Now we will build the smart validation applicative which stops doing work when it doesn’t make sense to collect errors further anymore. This is a balance between the `Either`

applicative, which can only store a single error, and `Validation`

, which collects all of them.

Implementing such an applicative functor is not as trivial as it may appear at first. In fact, before reading the code below, I recommend doing the following

**Exercise.** Try implementing a type and an applicative instance for it which adheres to the above specification.

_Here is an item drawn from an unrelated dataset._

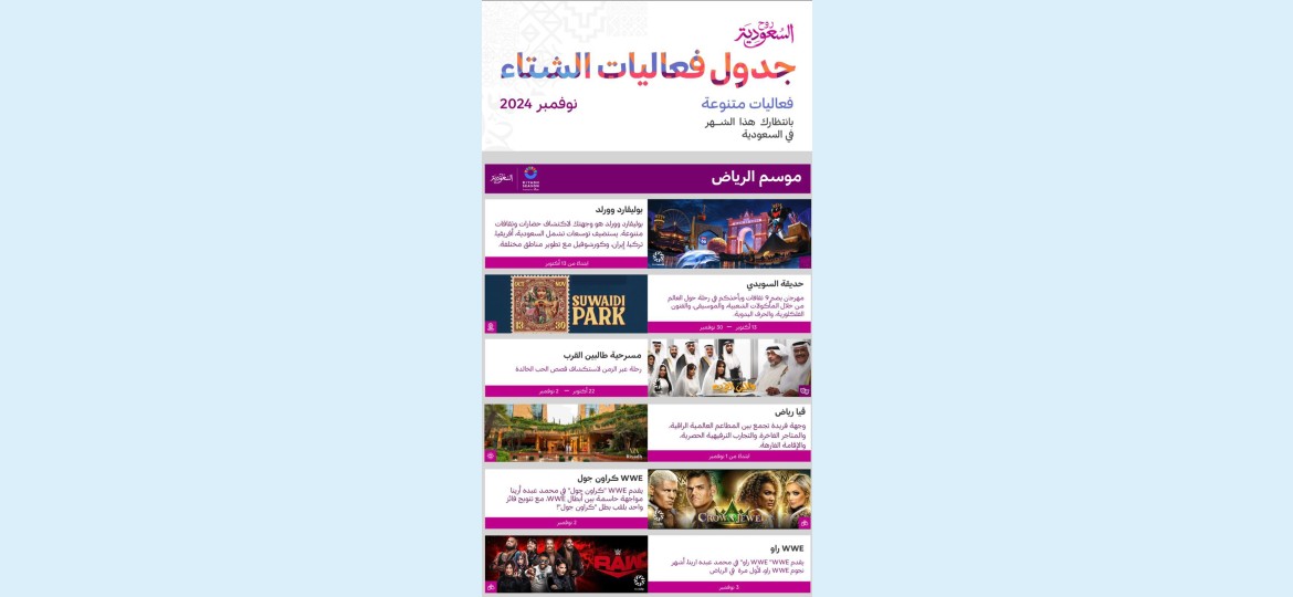 الرياض تبدأ أجواءها الحماسية مع الحدث الذي ينتظره عشاق المصارعة الحرة، حيث تستضيف محمد عبده أرينا في 2 نوفمبر عرض الـ WWE راو لأول مرة في العاصمة السعودية، ما يعد فرصة ذهبية للسياح من عشاق هذا الرياضة لملاقاة نجومهم المفضلين على أرض الواقع وسط أجواء حماسية.

Did you try it? Did you succeed? This is not a rhetorical question, I am actually interested, so let me know. Is your implementation the same as mine, or is it simpler, or more complicated?

Alright, here’s my implementation.

```
newtype SmartValidation (n :: Nat) e a = SmartValidation
{ getSmartValidation :: forall r .
Either (BoundedList n e) (a -> r) -> Either (BoundedList n e) r }
deriving Functor
instance KnownNat n => Applicative (SmartValidation n e) where
pure x = SmartValidation $ \k -> k <*> Right x
SmartValidation a <*> SmartValidation b = SmartValidation $ \k ->
let k' = fmap (.) k in
case a k' of
Left errs | full errs -> Left errs
r -> b r
```

And here are some functions to construct and analyze `SmartValidation`

values.

```
-- Convert SmartValidation to Either
fatal :: SmartValidation n e a -> Either [e] a
fatal = left toList . ($ Right id) . getSmartValidation
-- Convert Either to SmartValidation
nonFatal :: KnownNat n => Either e a -> SmartValidation n e a
nonFatal a = SmartValidation $ (\k -> k <+> left singleton a)
-- like <*>, but mappends the errors
(<+>)
:: Monoid e
=> Either e (a -> b)
-> Either e a
-> Either e b
a <+> b = case (a,b) of
(Right va, Right vb) -> Right $ va vb
(Left e, Right _) -> Left e
(Right _, Left e) -> Left e
(Left e1, Left e2) -> Left $ e1 <> e2
```

**Exercise.** Work out what `fmap (.) k`

does in the definition of `<*>`

.

**Exercise.** In the definition of `<*>`

, should we check whether `k`

is full before evaluating `a k'`

?

**Exercise.** We developed two mechanisms — `BoundedList`

and `SmartValidation`

, which seem to do about the same thing on different levels. Would any one of these two mechanisms suffice to achieve both our goals, user experience and efficiency, when there are many errors being reported?

**Exercise.** If the `SmartValidation`

applicative was based on ordinary lists instead of difference lists, would we be less or more likely to run into the quadratic complexity problem compared to simple `Validation`

?

## Conclusion

Although the `Validation`

applicative is known among Haskellers, the need to limit the number of errors it produces is rarely (if ever) discussed. Implementing an applicative functor that limits the number of errors and avoids doing extra work is somewhat tricky. Thus, I am happy to share my solution and curious about how other people have dealt with this problem.